A 48 cent-per-gallon discount to gasoline provides companies including Exxon Mobil Corp. and Valero Energy Corp. (VLO) an opportunity to profit by blending the corn-based additive into fuel, while easing prices at the pump for consumers. Marketers may use ethanol as they look for the cheapest way to boost engine performance and reduce pollution.
The most severe U.S. drought in fifty-six years has prompted lawmakers from both parties to ask the Obama administration to suspend the mandate because of the potential impact on food costs. Ethanol will consume forty-two percent of this year’s corn crop, according to government estimates, up from forty-one percent last year. The biofuel has been blended into more gasoline than ever this year, Energy Department data show.
Denatured ethanol for September delivery slipped 0.4 cent to $2.660 a gallon in electronic trading on the Chicago Board of Trade.

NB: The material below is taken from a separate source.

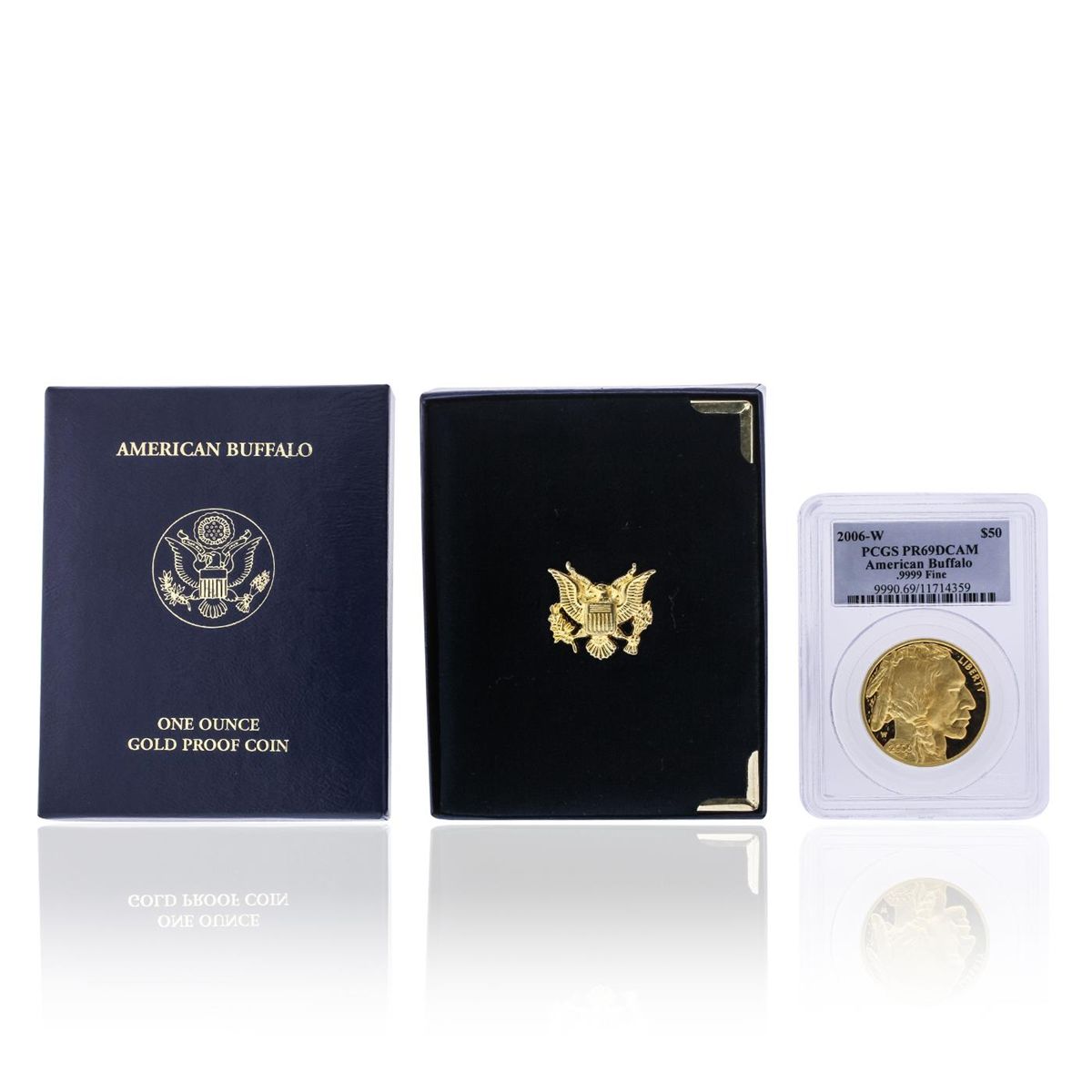 This gorgeous 2006-W $50 American Gold Buffalo Proof has been certified PR69 Deep Cameo by PCGS and comes complete with original Box and COA. This popular series marks the first time the U.S. Mint produced a .9999 fine 24-karat pure gold coin. A product of the West Point Mint, this 2006-W American Buffalo Proof features bold, strongly-struck devices on blazing gold fields. Many of these Deep Cameo Proofs have already become part of permanent collections, making now an ideal time to acquire this gorgeous and historic proof. From the exquisite details on the devices to the bright shining surfaces, this $50 Buffalo Proof is certain to please even the most discerning numismatist or Gold collector!

It’s climbed 21 percent this year, more than the sixteen percent gain for gasoline on the New York Mercantile Exchange.
Still, the biofuel is fifteen percent cheaper than gasoline with which it’s mixed, known as RBOB, or reformulated blendstock for oxygenate blending. A 2007 U.S. law enacted under President George W. Bush, known as the Renewable Fuels Standard (RFS) requires refiners to mix 13.2 billion gallons of renewable fuels, such as ethanol, with gasoline in 2012 and fifteen billion gallons by 2015.
On an annualized basis, production has averaged 13.6 billion gallons so far this year, above the target. Output has fallen fifteen percent from a record 963,000 barrels a day, or a 14.8 billion gallon pace, as of December 30.
The U.S. had the hottest July ever, the government said August 8. Just 23 percent of the corn crop was in good or excellent condition on August 19, the worst assessment for this time of year since 1988, the Agriculture Department said on August 20. One bushel of corn makes at least 2.75 gallons of ethanol.
Twelve Republican and thirteen Democratic senators asked Environmental Protection Agency Administrator Lisa Jackson, who enforces the program, to suspend or reduce the country’s ethanol targets in an August 7 letter because of the drought.